Some of the benefits of criminalization are that it can deter people from engaging in prostitution by imposing legal sanctions; it can also reduce the supply of prostitution by rescuing or rehabilitating sex workers; it can also send a moral message that prostitution is unacceptable
and harmful to women and society. Some of the drawbacks of criminalization are that it can increase violence, abuse, and exploitation of sex workers by pushing them underground or into more dangerous situations; it can also increase stigma, discrimination, and marginalization of sex workers by treating them as criminals or victims; it can also create social costs for the state through law enforcement and incarceration.

Another question related to prostitution is whether there should be a minimum wage for prostitutes. A minimum wage is a legal or agreed-upon amount of money that an employer must pay to a worker for a certain amount of work or time. A minimum wage can have positive or negative effects on workers’ income, employment, productivity, quality of life, etc., depending on various factors such as the level, coverage, enforcement, compliance, etc., of the minimum wage (Belman et al. 2021).

In the case of prostitution, there are several arguments for and against establishing a minimum wage for prostitutes. Some arguments for a minimum wage are that it can increase the income and living standards of sex workers who are underpaid or exploited by clients or third parties; it can also increase the bargaining power and dignity of sex workers who can demand fair compensation for their work; it can also reduce the inequality and discrimination between sex workers and other workers who are entitled to a minimum wage.
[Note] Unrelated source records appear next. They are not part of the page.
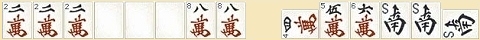 Note: Some computer games will let you claim mahjong despite a furiten or lack of yaku - when you do declare false mahjong, though, an error penalty applies. A penalty error is called chombo, and the penalty is that you must pay 8000 points : 4,000 to the dealer (oya) and 2,000 to the two non-dealers (ko). If you are the dealer, the penalty is 12,000 points: 4,000 to each of the three others. Your computer game may have an optional setting so you can choose to have the penalty apply, rather than have a penalty action merely disallowed. Some players might prefer a realistic penalty (in order to learn more effectively) and others might prefer a more leisurely play experience.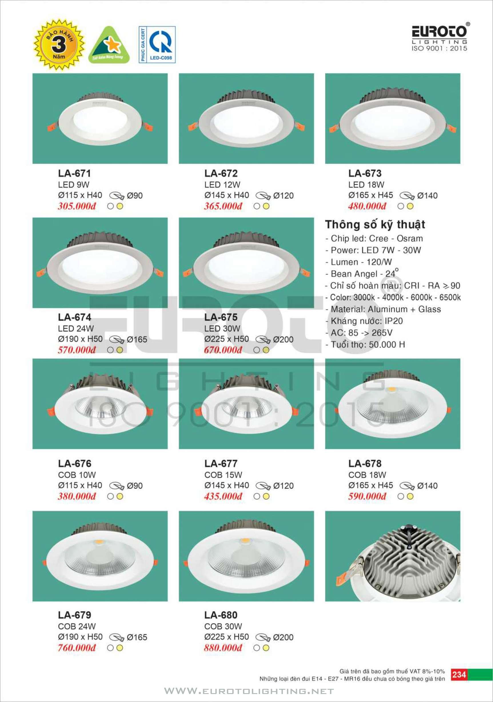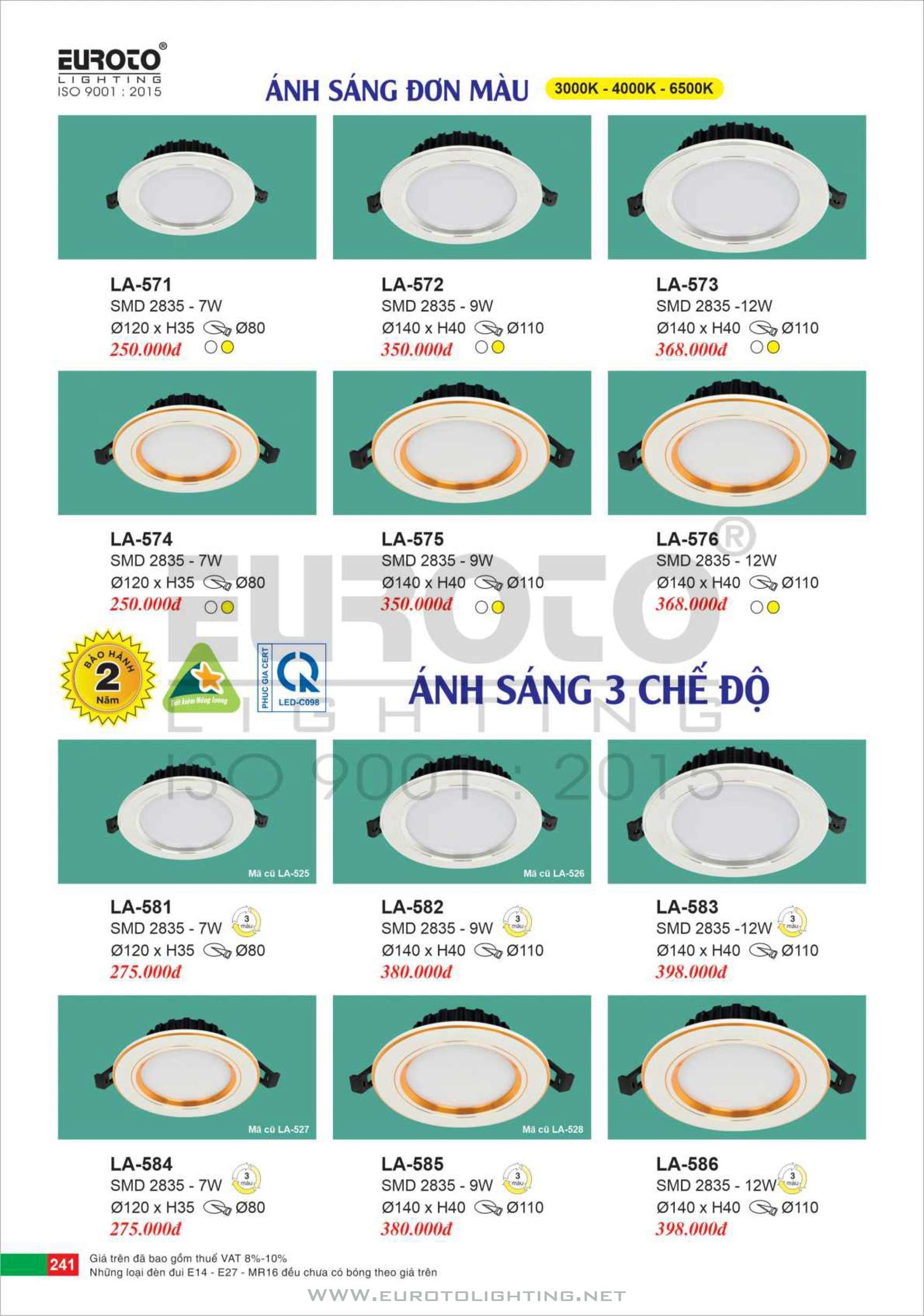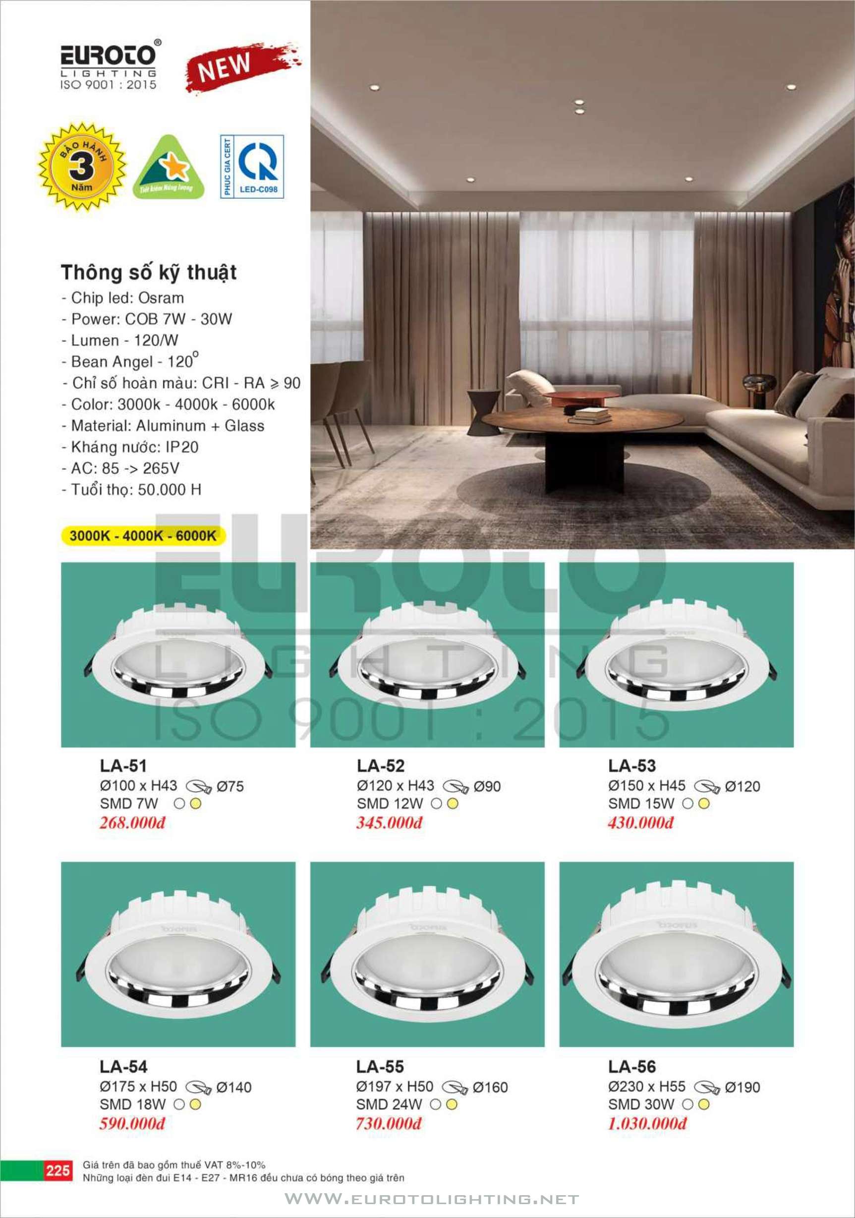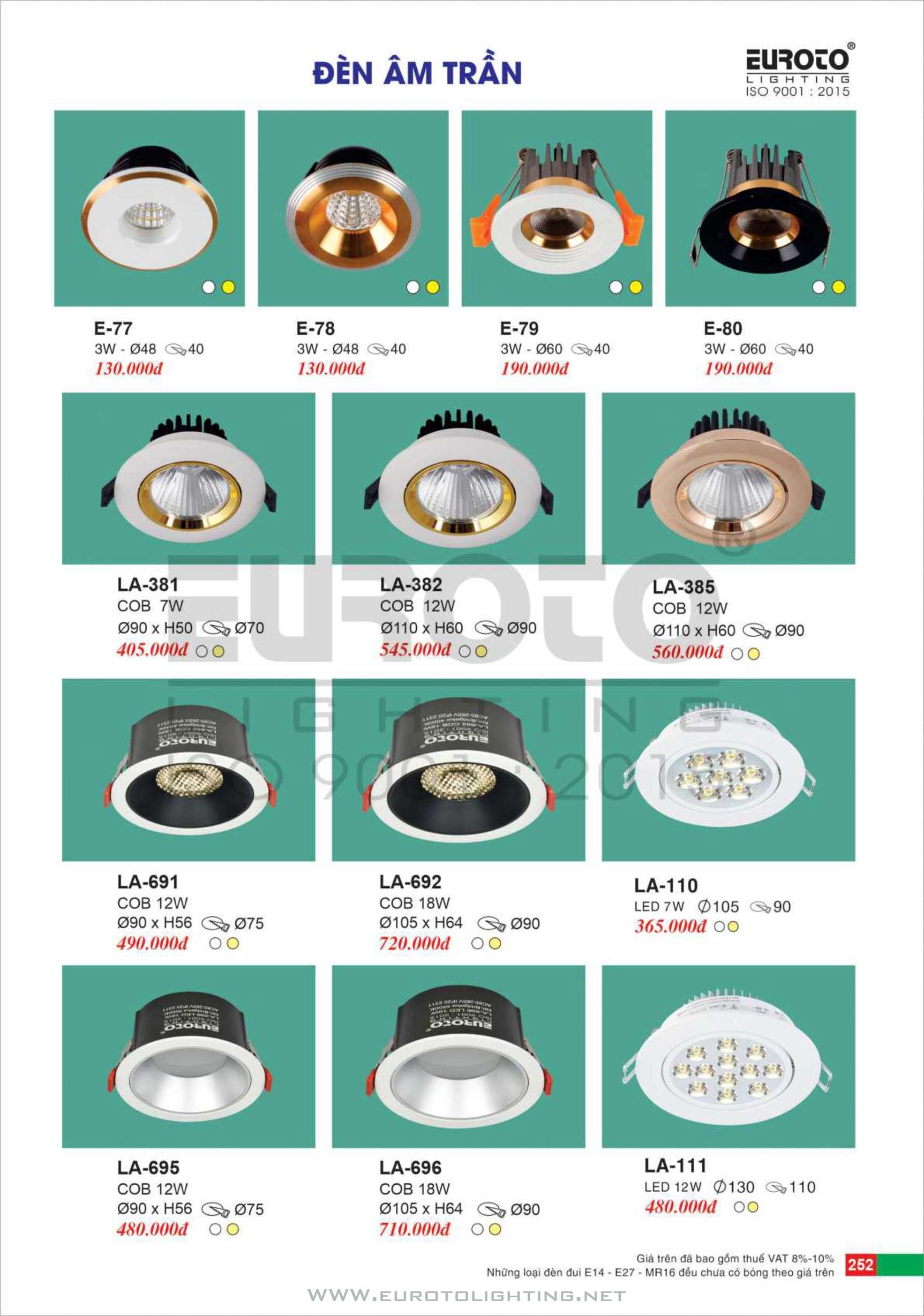 Catalogue Euroto đèn LED downlight âm trần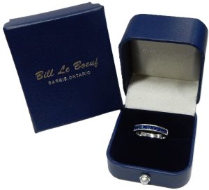 It was manufactured by Sophia Fiori Diamonds and is a current product (style #CSWP111339). According to the website the 15 sapphire weigh a combined 0.83 carat. Our calculations confirm this weight estimation. We have left the ring in original unpolished condition, showing scratches and scuffs on the shank sides and edges, but most of the factory applied rhodium finish is still intact. We will happily refinish the ring while you wait if you’d like it polished up to a mirror finish. This ring is pretty enough to be worn alone but will pair perfectly to any other ring with a flat edges shank. It is estate priced at $725.00 CAD. Stock #206-00422.
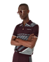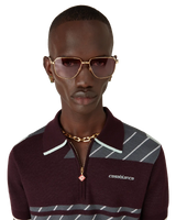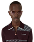 The merino diagonal tennis polo is a knitted short-sleeve design featuring diagonal sport stripes and an embroidered Casablanca logo. Completed with a quarter zip closure with signature diamond logo zipper tab, a rib collar, and contrast edge detail on the collar and cuffs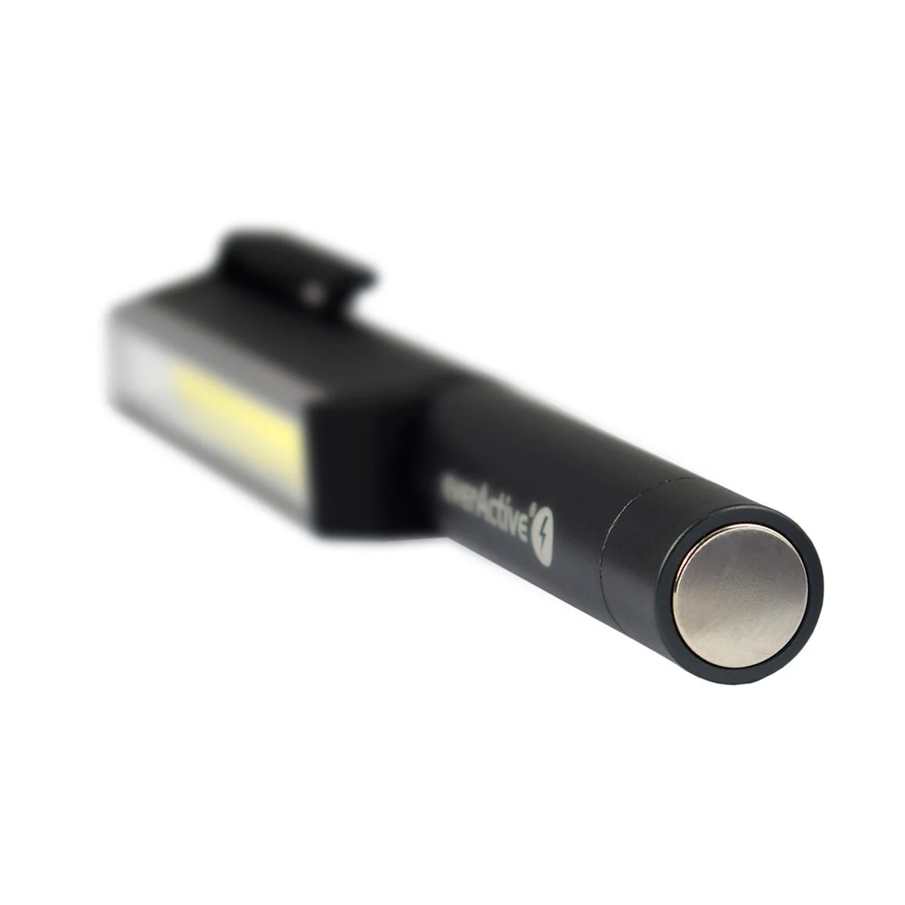 Kompaktne punane alumiiniumist taskulamp everActive WL-200 pakub 200 luumenist COB LED valgust ning töötab kolme AAA patareiga, sobides hästi töökotta ja remondiks.
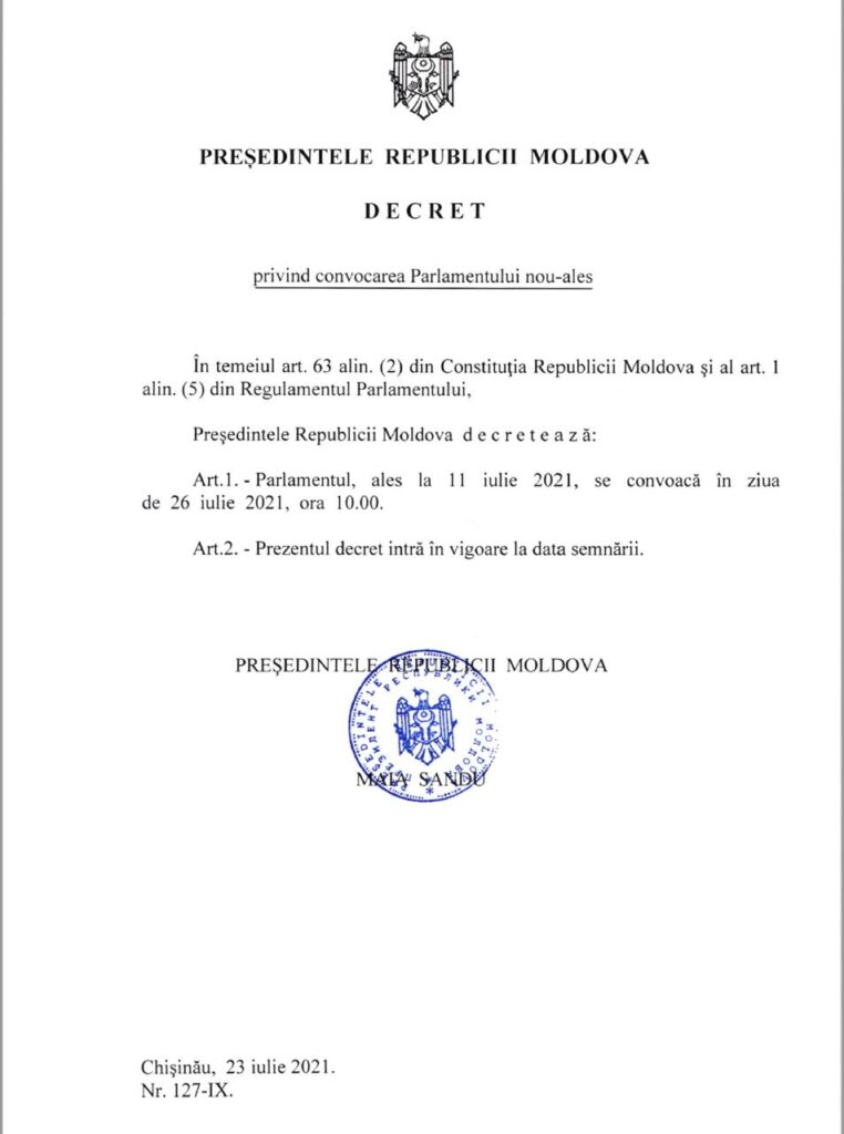 Președintele Republicii Moldova, Maia Sandu, a semnat astăzi Decretul de convocare a Parlamentului Republicii Moldova de Legislatura a XI-ea. Prima ședință a noului Legislativ va avea loc luni, 26 iulie, începând cu ora 10.00.

Some arguments against a minimum wage are that it can decrease the demand and employment of sex workers who are priced out of the market or replaced by cheaper alternatives; it can also decrease the autonomy and flexibility of sex workers who have to comply with fixed or standardized rates or conditions; it can also create a black market or informal sector of prostitution that operates outside the legal or regulated system.

The feasibility and desirability of a minimum wage for prostitutes depend on various factors, such as the legal status and regulation of prostitution in a given country or region; the structure and dynamics of the sex market, such as the supply and demand, competition, segmentation, etc., of sex workers and clients; the characteristics and preferences of sex workers and clients, such as their age, gender, ethnicity, education, skills, motivation, etc.; and the social and cultural norms and values that shape the perception and acceptance of prostitution and sex work.

In conclusion, prostitution is a complex and controversial topic that has no simple or definitive answer. There are different perspectives and arguments for and against prostitution, legalization, criminalization, and minimum wage. The best approach to address prostitution depends on the context-specific factors that affect the realities and experiences of sex workers and society.


Belman, Dale et al. 2021. “Minimum Wage Effects: New Evidence from a Pre-Registered Study.” Industrial Relations 60 (1): 131-156.

CATW. 2019. “What is Prostitution?” Coalition Against Trafficking in Women.

NSWP. 2020. “What is Sex Work?” Global Network of Sex Work Projects.

Weitzer, Ronald. 2012. Legalizing Prostitution: From Illicit Vice to Lawful Business. New York: NYU Press.